## REQUIRED ACTION
The answer must consist solely of the lines below starting at the one containing "كعب Saint Laurent مشبك برغندي-كعب ذهبي" and ending at the one containing "Rund Magnet Mops Krone - mit Spruch - Weiß", repeated exactly, with both ends included and all pictures omitted.

## RECORDS SHOWN
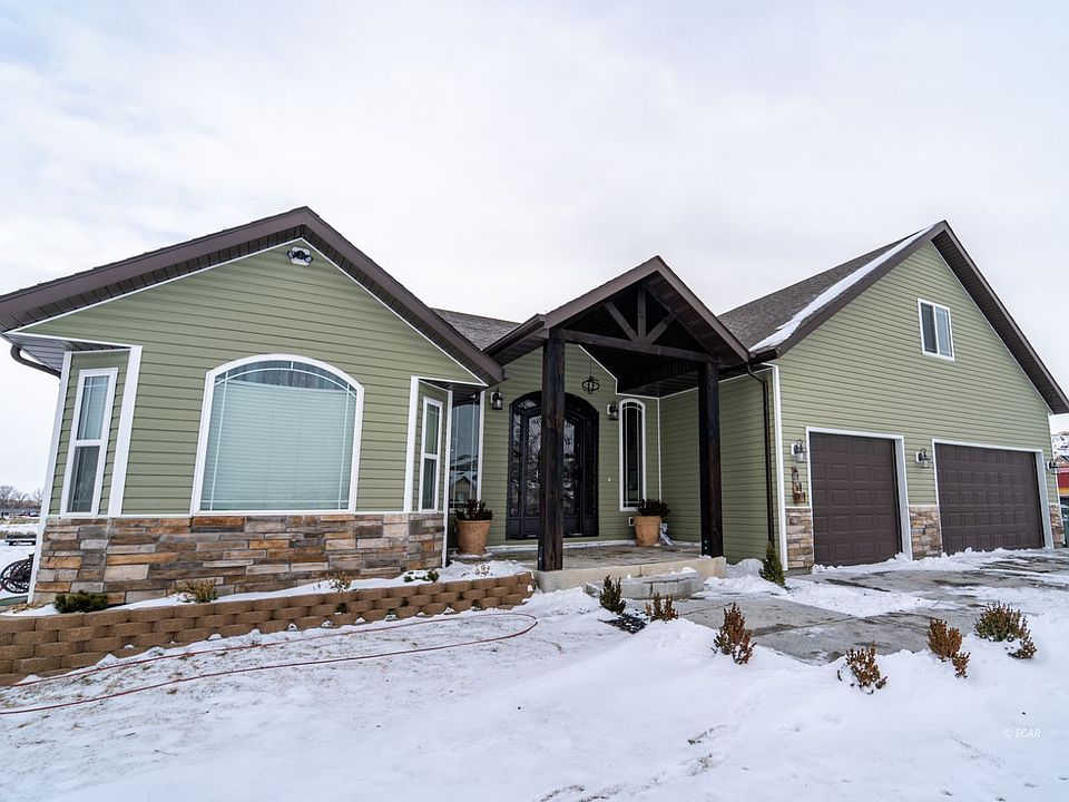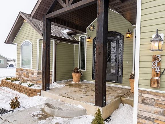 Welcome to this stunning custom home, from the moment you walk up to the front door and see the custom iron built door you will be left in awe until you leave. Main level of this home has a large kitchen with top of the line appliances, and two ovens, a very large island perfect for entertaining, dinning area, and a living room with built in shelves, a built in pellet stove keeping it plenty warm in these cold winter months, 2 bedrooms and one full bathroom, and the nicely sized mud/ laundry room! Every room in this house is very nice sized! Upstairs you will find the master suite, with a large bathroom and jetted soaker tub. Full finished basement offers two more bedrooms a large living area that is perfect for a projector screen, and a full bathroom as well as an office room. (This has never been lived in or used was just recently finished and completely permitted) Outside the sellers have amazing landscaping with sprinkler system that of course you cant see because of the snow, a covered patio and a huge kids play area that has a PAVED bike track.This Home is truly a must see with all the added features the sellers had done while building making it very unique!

---

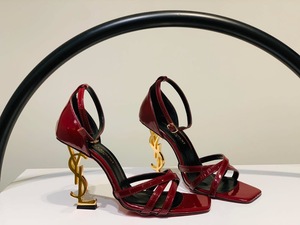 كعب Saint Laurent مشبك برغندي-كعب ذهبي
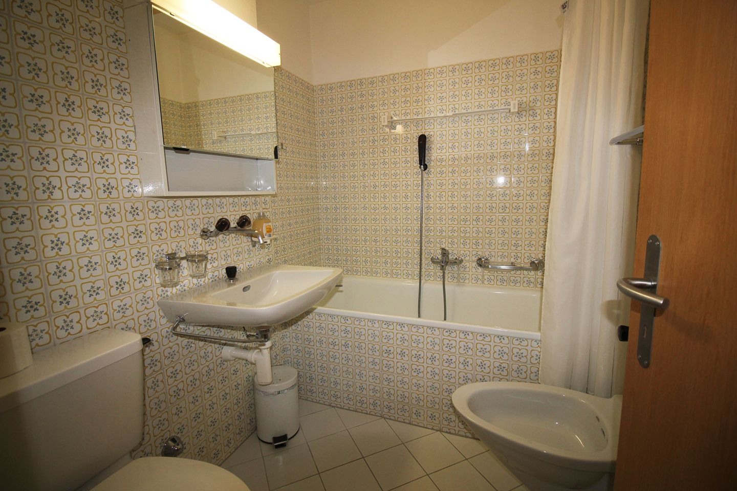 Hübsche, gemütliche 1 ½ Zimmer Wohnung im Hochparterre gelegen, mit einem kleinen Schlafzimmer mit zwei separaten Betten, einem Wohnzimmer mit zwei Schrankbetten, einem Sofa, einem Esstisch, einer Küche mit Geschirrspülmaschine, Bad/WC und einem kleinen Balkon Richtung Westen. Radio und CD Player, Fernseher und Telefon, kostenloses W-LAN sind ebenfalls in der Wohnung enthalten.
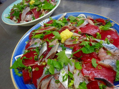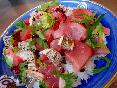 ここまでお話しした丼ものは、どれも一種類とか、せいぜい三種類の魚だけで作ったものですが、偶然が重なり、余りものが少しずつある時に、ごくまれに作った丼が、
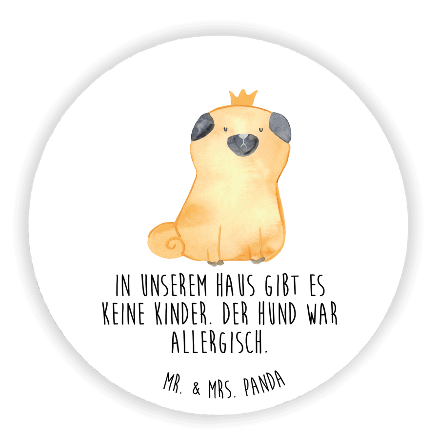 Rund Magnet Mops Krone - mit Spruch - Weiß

## RESULT FOR THIS TASK
 كعب Saint Laurent مشبك برغندي-كعب ذهبي
 Hübsche, gemütliche 1 ½ Zimmer Wohnung im Hochparterre gelegen, mit einem kleinen Schlafzimmer mit zwei separaten Betten, einem Wohnzimmer mit zwei Schrankbetten, einem Sofa, einem Esstisch, einer Küche mit Geschirrspülmaschine, Bad/WC und einem kleinen Balkon Richtung Westen. Radio und CD Player, Fernseher und Telefon, kostenloses W-LAN sind ebenfalls in der Wohnung enthalten.
 ここまでお話しした丼ものは、どれも一種類とか、せいぜい三種類の魚だけで作ったものですが、偶然が重なり、余りものが少しずつある時に、ごくまれに作った丼が、
 Rund Magnet Mops Krone - mit Spruch - Weiß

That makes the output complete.